What makes a man masculine and a woman feminine? Are you born with a gender or do you choose it? How should men and women interact with each other in relationships? It seems that everyone with a voice has an opinion on these topics, so how are we to determine what is right?
On the one side, we live in a culture that provides much of this framework for us – we are born into a worldview. On the other side, we have scriptural teachings that almost always conflict with that worldview. I want to take some time to reflect on how the world views womanhood while establishing a biblical framework that we can trust and abide by.
Riding on the coat tails of culturally positive changes like the right to vote, feminism denies any and all attempts to confine the role of women. After all, if women are to have equal rights, they must not be bound by any restrictions placed on them by man. So women are encouraged to be strong and vocal if they want to be heard or respected. Rather than submitting to traditional patterns of gender, feminists encourage women to become soldiers in combat, pastors of congregations, and the head of their household. If there is something that men have physical natural talent for, feminism wants to make itself part of it, all in the name of equal rights. ‘Anything you can do, I can do better’ seems to be the cry of the movement.
Ironically, if you look at how Hollywood portrays your average woman, she is often dressed extremely provocatively to be visually appealing to the lustful eyes of men. Our culture preaches a far different word to women than it practices.
But the scriptures stand in stark contrast to the confusing roles of women presented in our culture. In Genesis 2, woman is formed out of man, and then designed to be a suitable helper for him as he endeavors to accomplish the task given to him by God.
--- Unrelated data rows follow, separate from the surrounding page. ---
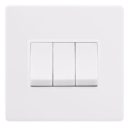 Click Definity Complete 10ax Ingot 3 Gang 2 Way Switch – Polar White Cover Plate – Polar White Insert
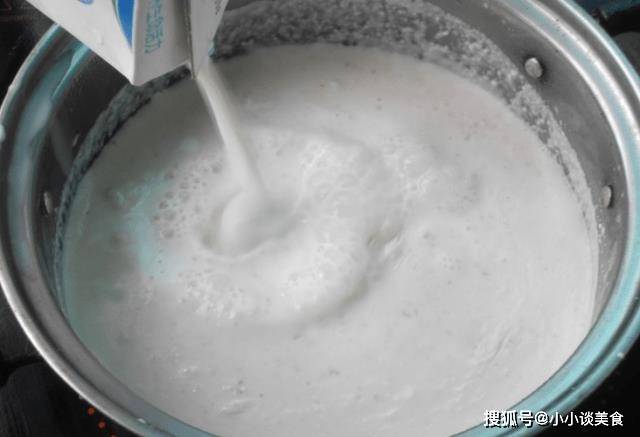 第四步:花生煮5分鐘後,加入兩塊冰糖調味,讓花生奶更甜。煮至融化,冰糖溶化後倒入最好的牛奶,然後繼續中火加熱,將牛奶加熱至沸騰。
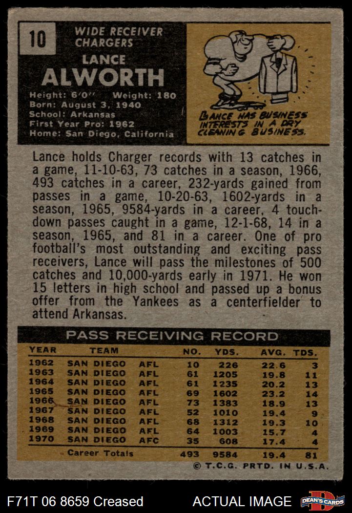 1971 Topps #10 Lance Alworth
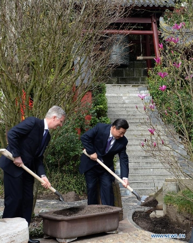 Chinese President Xi Jinping (R) and Belgian King Philippe shovel soil on a magnolia tree that symbolizes friendship at the Pairi Daiza zoo in Brugelette, Belgium, March 30, 2014. Xi and Belgian King Philippe attended the inauguration of a panda house at the zoo on Sunday. (Xinhua/Ma Zhancheng)
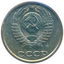 Реверс: герб СССР с пятнадцатью витками перевязывающей ленты. Под ним горизонтальная надпись "СССР".

And if you look at Paul’s letter to Timothy, the Apostle offers three points that oppose what the world has said about women. First, he commends women for dressing themselves in modesty and self-control, not focused on the external presentation of their bodies. Then, Paul explains that women are to learn with a quiet spirit within the church. Finally, he will not permit a woman to teach or exercise authority over a man within the church.
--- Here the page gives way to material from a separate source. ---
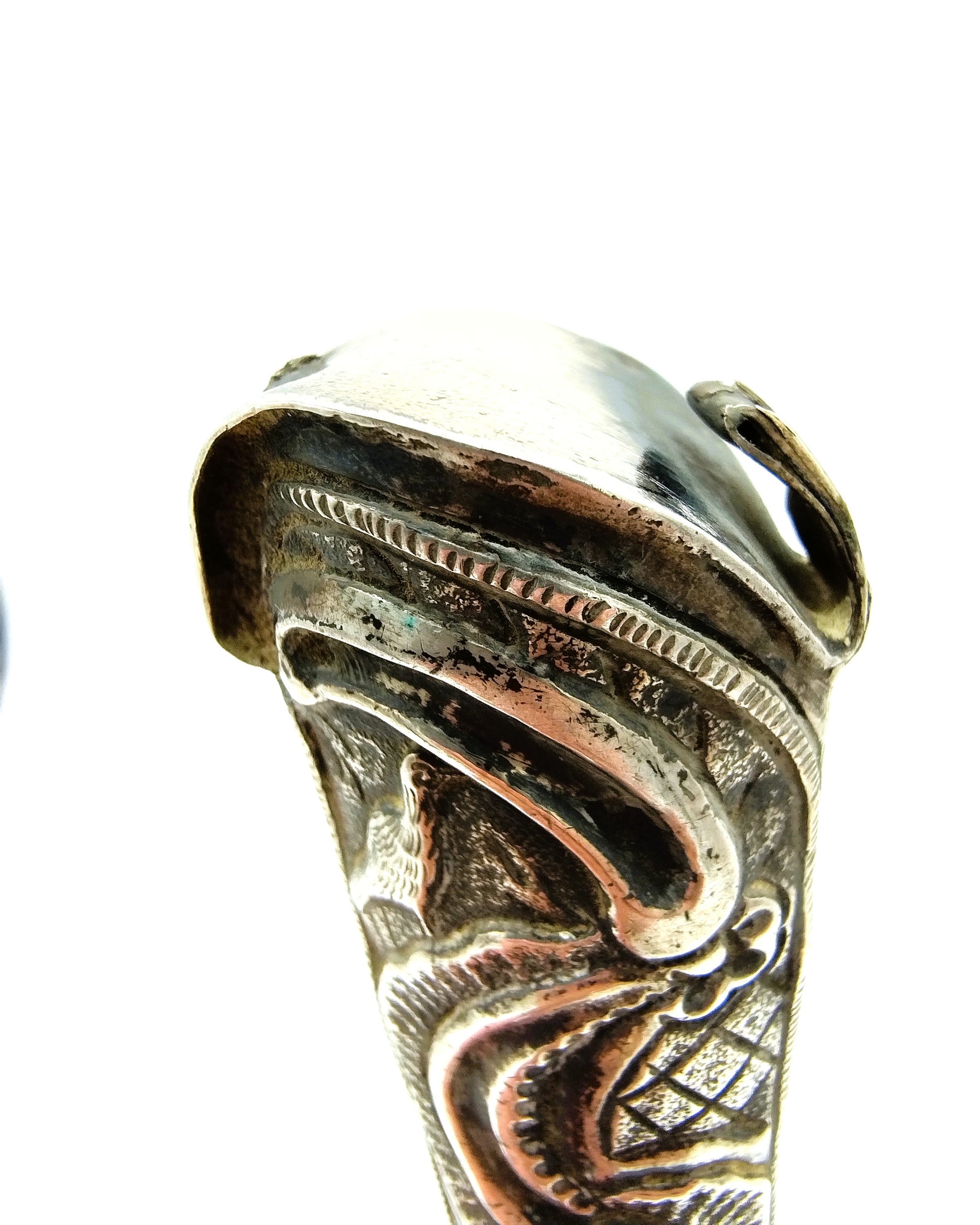 The handle features scrollwork and bird figures. Unfortunately, the crowning element (horse or dog) is missing.

Paul established these patterns of gender roles within the church by examining the way God created male and female in Genesis, but he appears to see something more. God formed man first, on purpose, and sin entered the world first through woman as she subverted her role under the headship of Adam.
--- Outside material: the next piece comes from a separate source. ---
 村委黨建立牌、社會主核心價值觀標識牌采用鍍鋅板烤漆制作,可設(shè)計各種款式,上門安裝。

And this is the problem with the worldview presented by feminism and mainstream culture today. The world’s view of womanhood is nearly the complete opposite of that provided by God through scripture. This should not come as a surprise though, considering the world establishes its beliefs in the ‘way that seems right for man’. Unfortunately, that way is folly before God.
God created us and knows us far better than we know ourselves. We don’t need to create our own gender roles – he has provided them for us, and we are most fruitful when we walk in them.